_Try it_
Only the lines below from the one that holds "受主席團(tuán)常務(w" through the one that holds "Document, Canadian National" should appear in the answer, copied exactly, end lines included and pictures omitted.

_Extracted information_
* * * * *

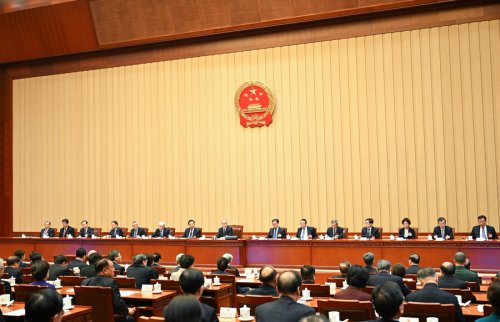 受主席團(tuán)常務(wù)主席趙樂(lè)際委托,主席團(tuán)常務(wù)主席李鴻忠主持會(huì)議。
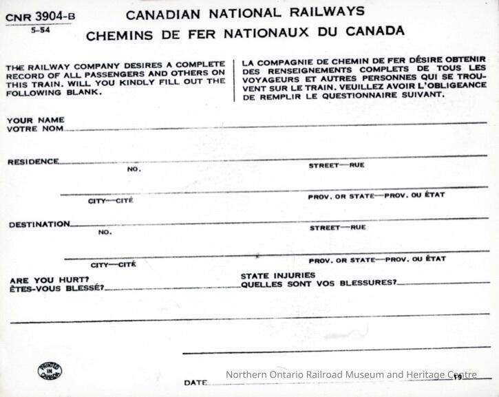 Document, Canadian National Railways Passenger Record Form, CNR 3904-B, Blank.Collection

* * * * *

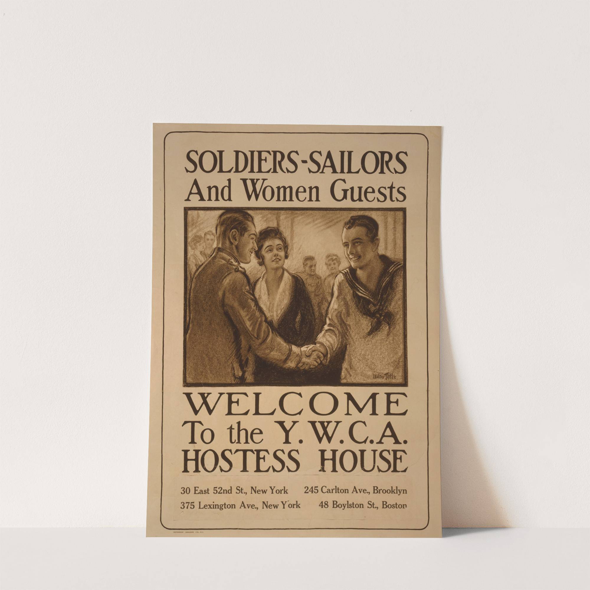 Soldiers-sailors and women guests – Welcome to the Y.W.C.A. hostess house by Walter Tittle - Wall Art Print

* * * * *

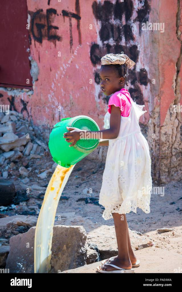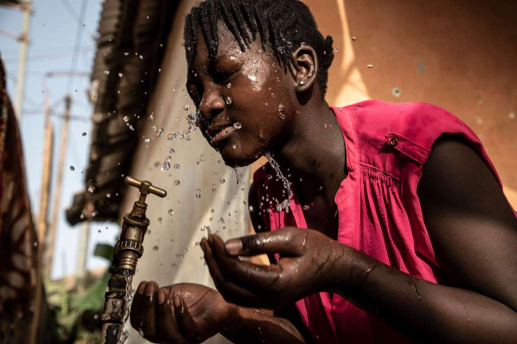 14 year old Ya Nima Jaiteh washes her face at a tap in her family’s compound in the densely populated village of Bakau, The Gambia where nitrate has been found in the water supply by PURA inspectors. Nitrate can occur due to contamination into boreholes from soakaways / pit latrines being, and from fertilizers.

* * * * *

_Result_
 受主席團(tuán)常務(wù)主席趙樂(lè)際委托,主席團(tuán)常務(wù)主席李鴻忠主持會(huì)議。
 Document, Canadian National Railways Passenger Record Form, CNR 3904-B, Blank.Collection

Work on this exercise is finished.